Esta batalla significó algo más que una guerra: decidió la suerte de todo el Mediterráneo occidental. Una vez que el valle del Po fue absorbido, a principios del siglo II a.C., Italia pasó a ser, con independencia de las formas, un solo Estado gobernado por Roma. La paz impuesta a Cartago fue humillante e inclemente. La venganza romana persiguió al propio Aníbal y le empujó hasta el exilio en la corte seléucida. Comoquiera que Siracusa se había aliado una vez más con Cartago durante la guerra, su osadía fue castigada con la pérdida de su independencia; fue el último Estado griego de la isla. Toda Sicilia era ahora romana, al igual que el sur de España, donde se creó otra provincia.

La expansión romana no se limitó al Mediterráneo occidental. Estos acontecimientos abrieron a los romanos las puertas del este. Al término de la segunda guerra púnica, resulta tentador imaginarse a Roma en una encrucijada: por un lado, estaba la alternativa de la moderación y del mantenimiento de la seguridad en Occidente, y, por otro, la de la expansión y el imperialismo en Oriente. Pero esto simplifica en demasía la realidad. Las cuestiones orientales y occidentales ya estaban demasiado enmarañadas como para sostener una antítesis tan simple. Ya en el 228 a.C., los romanos habían sido admitidos en los juegos ístmicos griegos; era un reconocimiento, si bien solo formal, de que para algunos griegos Roma era ya una potencia civilizada y parte del mundo helenístico. A través de Macedonia, ese mundo ya había participado directamente en las guerras de Italia, en las que Macedonia fue aliada de Cartago; Roma había optado, por tanto, por las ciudades griegas que se oponían a Macedonia, comenzando así a introducirse en la política griega. Cuando, en el 200 a.C., Atenas, Rodas y un rey de Pérgamo pidieron ayuda para luchar contra Macedonia y los seléucidas, los romanos ya estaban mentalmente preparados para emprender la aventura oriental. Sin embargo, no es probable que ninguno de ellos fuera consciente de que esto podía ser el comienzo de una serie de empresas de las que surgiría un mundo helenístico dominado por Roma.
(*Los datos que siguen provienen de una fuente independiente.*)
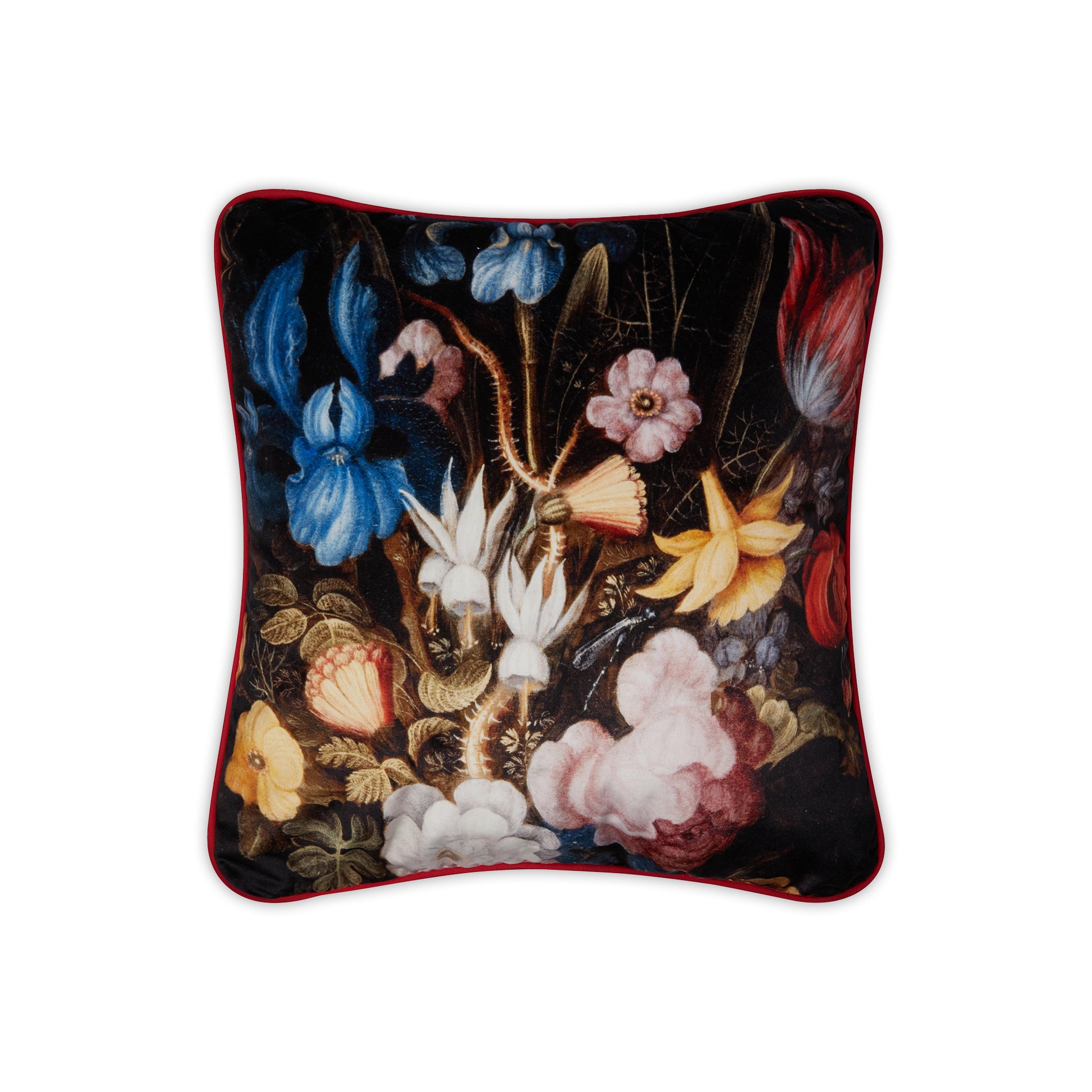 New and exclusive to Curating Cambridge and the Fitzwilliam Museum Courtyard Shop, this velvety cushion encompasses the elegant and luxurious feel of 17th century Dutch still life flower paintings. The red piping adds a striking detail.

Había otro cambio en las actitudes romanas que aún no se había completado, pero que empezaba a ser efectivo. Cuando se inició la guerra con Cartago, es probable que la mayoría de los romanos de las clases superiores la considerasen esencialmente defensiva. Algunos siguieron temiendo incluso al enemigo mutilado que quedó después de Zama. El llamamiento de Catón, a mediados del siglo siguiente —«Hay que destruir Cartago»—, sería famoso como expresión de una hostilidad implacable nacida del miedo. Sin embargo, las provincias conquistadas con la guerra habían empezado a despertar nuevas posibilidades en las mentes de los hombres y pronto ofrecieron otros motivos para su continuación. Los esclavos y el oro procedentes de Cerdeña, España y Sicilia abrieron enseguida los ojos de los romanos a lo que podían ser las recompensas del imperio. Estos países no recibían el mismo trato que la Italia continental; no eran aliados, sino fuentes de recursos que había que administrar y gravar con impuestos. Por otra parte, se desarrolló en la república la costumbre de que los generales repartieran parte del botín de la victoria entre sus tropas.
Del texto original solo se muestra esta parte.